她偷摸進去, 縮頭縮腦左右觀察一番, 見沒人,剛想松一口氣。

就見薛氏身邊的田嬤嬤帶著一幫膀大腰圓的婆子不知從哪出現在拐角處。

她嚇了一大跳,見這陣仗, 就知道自己偷溜出府的事已經敗露了, 她也不想狡辯,識相地立馬認錯:“田嬤嬤,我知錯了,但我是有原因的,我馬上就去向母親認錯。”

田嬤嬤臉色還算緩和,面露為難道:“小姐,您偷偷出府,夫人知道後又驚又怕, 實在是動了怒, 現在您平安回來了,她也放心了。
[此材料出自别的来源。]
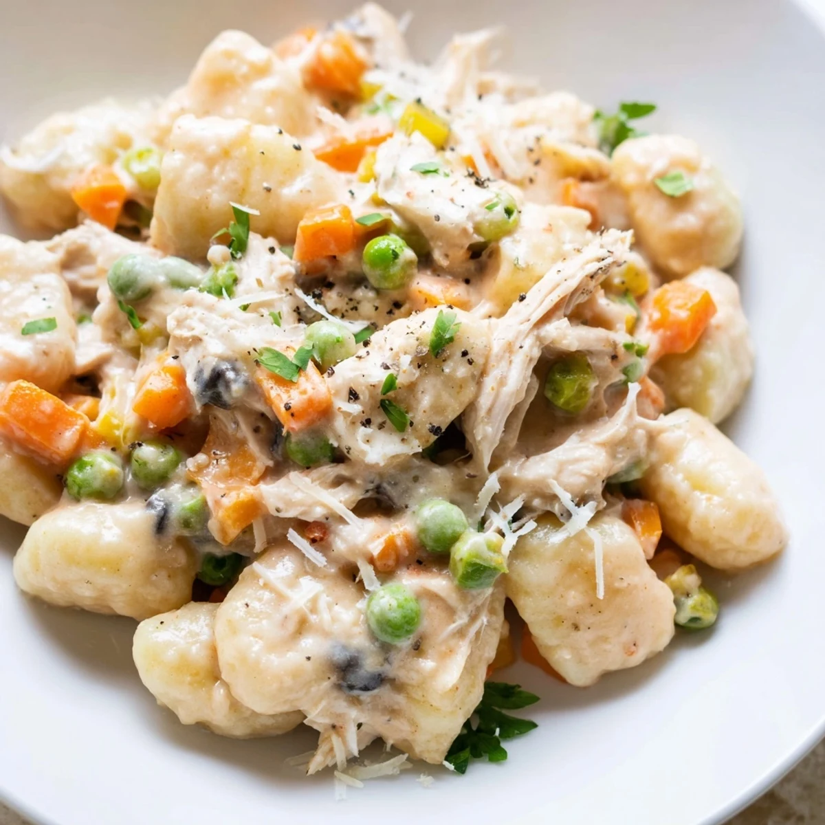 - Gently fold in gnocchi, chicken, and peas until everything is submerged

”

“不過,為了讓小姐長長記性,不再如此任性行事, 命奴婢們來請小姐去佛堂抄寫佛經,七日不得出佛堂,好好靜靜心。”

“啊?”林輕煙傻眼了,這怎麽還關禁閉呀, 至於嘛?

還關七天, 至於嘛!

她倒是想反抗, 但那些婆子個個有蠻力, 她也不想弄得場面難堪。

只勉強笑道:“田嬤嬤,您通融通融,讓我去見母親,我會跟她解釋清楚,您就說我有事情要跟她說。”

“小姐,別讓老奴為難了,您這次偷跑出去,讓夫人擔驚受怕,夫人這次鐵了心讓您思過,為了您以後的安危著想,是一定要讓您去佛堂反省的。”
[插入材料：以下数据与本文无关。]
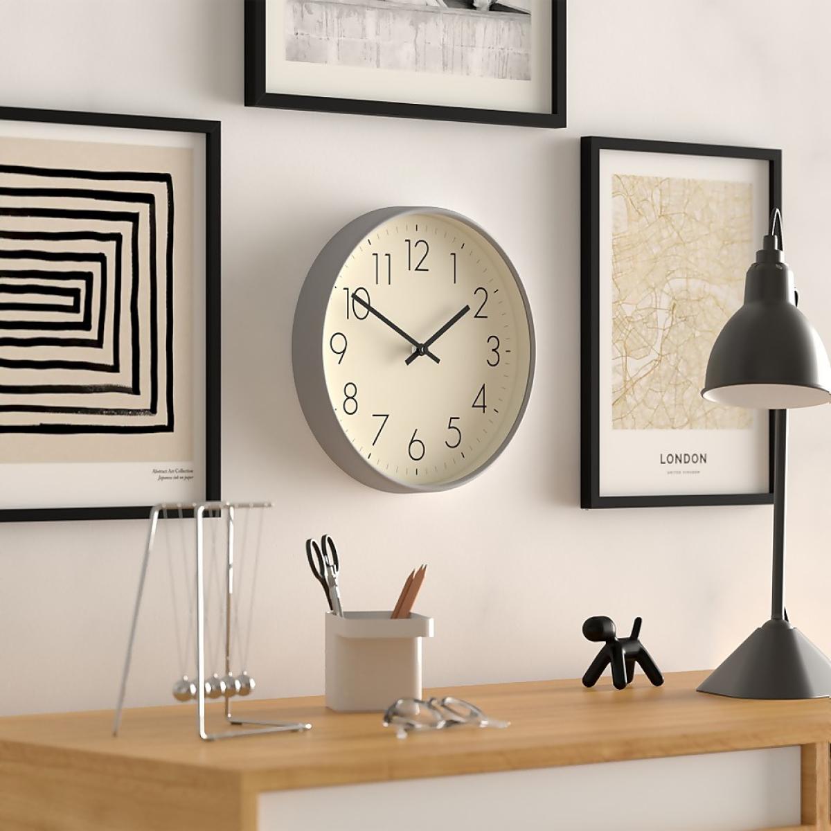 A modern grey wall clock with an easy-to-read dial measured by minimalist metal hands. The 'Elephant Grey' case has a contemporary matt finish. This minimal wall clock is the ideal choice to refresh a kitchen, office or hallway.

林輕煙聽了這話,知道薛氏是因為那次被拐的事情刺激到了,一遭被蛇咬十年怕井繩,所以才限制她出府。

這次她一個人也沒帶就偷跑出去,可能真的讓她生氣了。

她嘆口氣,邁著沈重的腳步跟著田嬤嬤去了佛堂,待她進去了,外面啪的一聲就關門上了鎖,當真是把她當犯人關上了。

林輕煙轉身環顧四周,佛堂並沒有她想象中的黑暗陰森,反而窗明幾凈。

正中央一尊不知道是哪路神仙的佛像,慈眉善目的,前面擺著條案和香火,還有各種供奉的點心。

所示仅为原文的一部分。